Segment Start: Data supplied
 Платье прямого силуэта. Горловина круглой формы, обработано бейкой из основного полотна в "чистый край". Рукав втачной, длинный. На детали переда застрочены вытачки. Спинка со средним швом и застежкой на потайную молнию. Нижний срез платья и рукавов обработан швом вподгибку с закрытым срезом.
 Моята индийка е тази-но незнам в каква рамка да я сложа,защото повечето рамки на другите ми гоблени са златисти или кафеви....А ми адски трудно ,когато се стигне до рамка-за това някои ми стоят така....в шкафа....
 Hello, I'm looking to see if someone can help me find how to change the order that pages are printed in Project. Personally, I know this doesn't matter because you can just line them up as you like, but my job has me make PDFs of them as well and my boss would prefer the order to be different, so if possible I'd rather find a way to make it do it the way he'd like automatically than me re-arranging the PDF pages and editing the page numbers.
Segment End: Data supplied
Segment Start: Data supplied
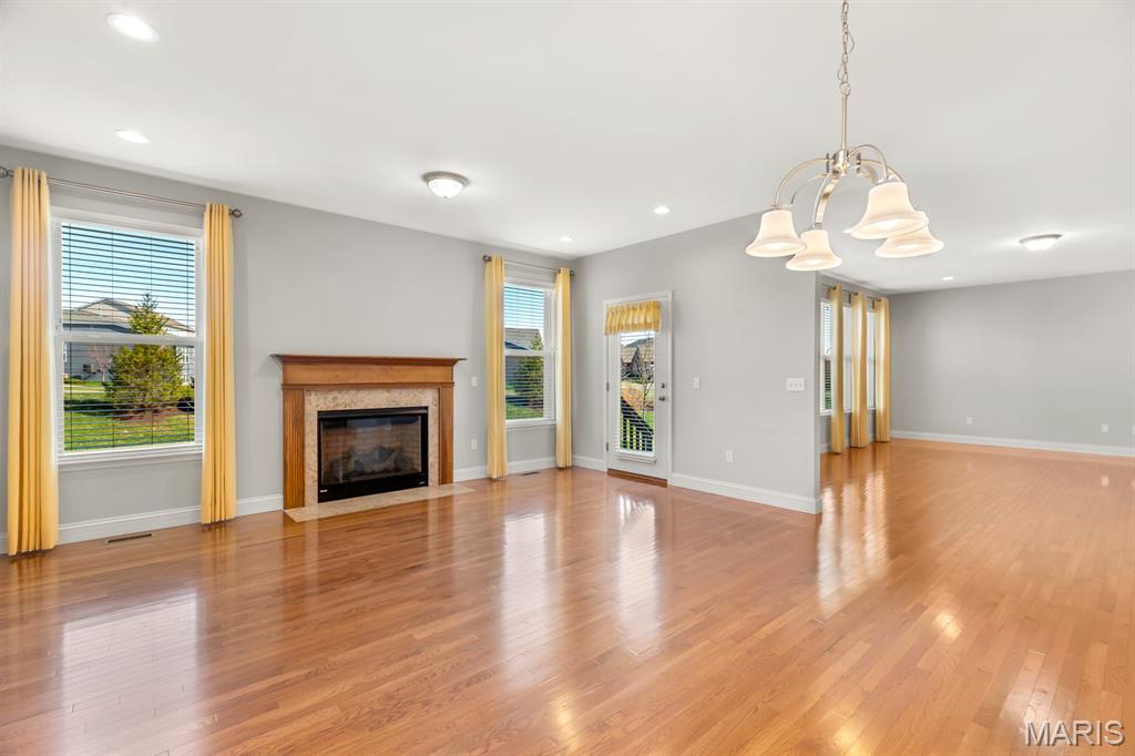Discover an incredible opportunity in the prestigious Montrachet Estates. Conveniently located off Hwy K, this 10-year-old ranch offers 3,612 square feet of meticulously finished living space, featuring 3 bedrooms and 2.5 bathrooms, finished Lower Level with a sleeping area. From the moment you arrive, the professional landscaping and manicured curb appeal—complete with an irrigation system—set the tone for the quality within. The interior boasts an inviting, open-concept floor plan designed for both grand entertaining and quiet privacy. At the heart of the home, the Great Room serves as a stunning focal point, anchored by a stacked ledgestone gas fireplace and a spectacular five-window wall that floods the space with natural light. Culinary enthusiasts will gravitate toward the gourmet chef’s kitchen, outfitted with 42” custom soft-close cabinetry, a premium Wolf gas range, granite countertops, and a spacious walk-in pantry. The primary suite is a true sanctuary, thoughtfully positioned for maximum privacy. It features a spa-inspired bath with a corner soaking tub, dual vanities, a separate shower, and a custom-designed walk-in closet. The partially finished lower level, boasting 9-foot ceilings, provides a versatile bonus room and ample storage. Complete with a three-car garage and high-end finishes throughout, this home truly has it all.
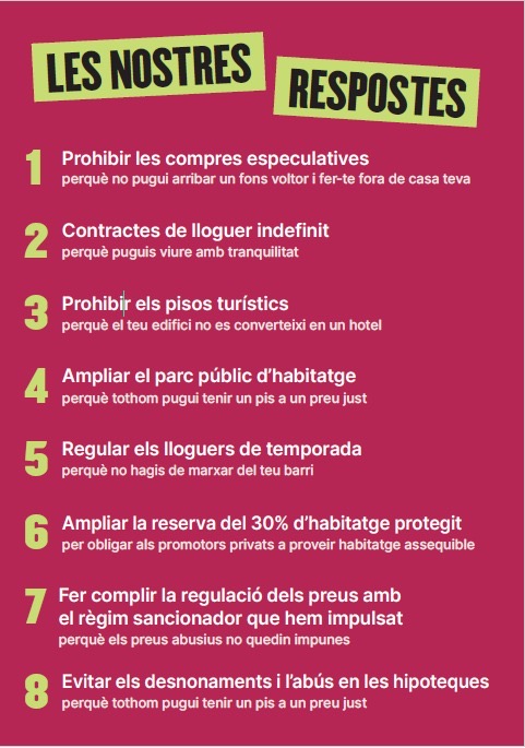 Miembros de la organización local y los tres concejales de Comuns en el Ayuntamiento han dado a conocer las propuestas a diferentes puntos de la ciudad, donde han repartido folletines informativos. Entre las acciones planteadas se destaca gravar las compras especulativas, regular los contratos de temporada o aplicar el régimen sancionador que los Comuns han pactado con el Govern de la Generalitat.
Segment End: Data supplied
* **Prompt**:
The output should be exactly the lines above from the line containing "Платье прямого силуэта." to the line containing "Hello, I'm looking", inclusive, with no other lines.

* **Written response**:
 Платье прямого силуэта. Горловина круглой формы, обработано бейкой из основного полотна в "чистый край". Рукав втачной, длинный. На детали переда застрочены вытачки. Спинка со средним швом и застежкой на потайную молнию. Нижний срез платья и рукавов обработан швом вподгибку с закрытым срезом.
 Моята индийка е тази-но незнам в каква рамка да я сложа,защото повечето рамки на другите ми гоблени са златисти или кафеви....А ми адски трудно ,когато се стигне до рамка-за това някои ми стоят така....в шкафа....
 Hello, I'm looking to see if someone can help me find how to change the order that pages are printed in Project. Personally, I know this doesn't matter because you can just line them up as you like, but my job has me make PDFs of them as well and my boss would prefer the order to be different, so if possible I'd rather find a way to make it do it the way he'd like automatically than me re-arranging the PDF pages and editing the page numbers.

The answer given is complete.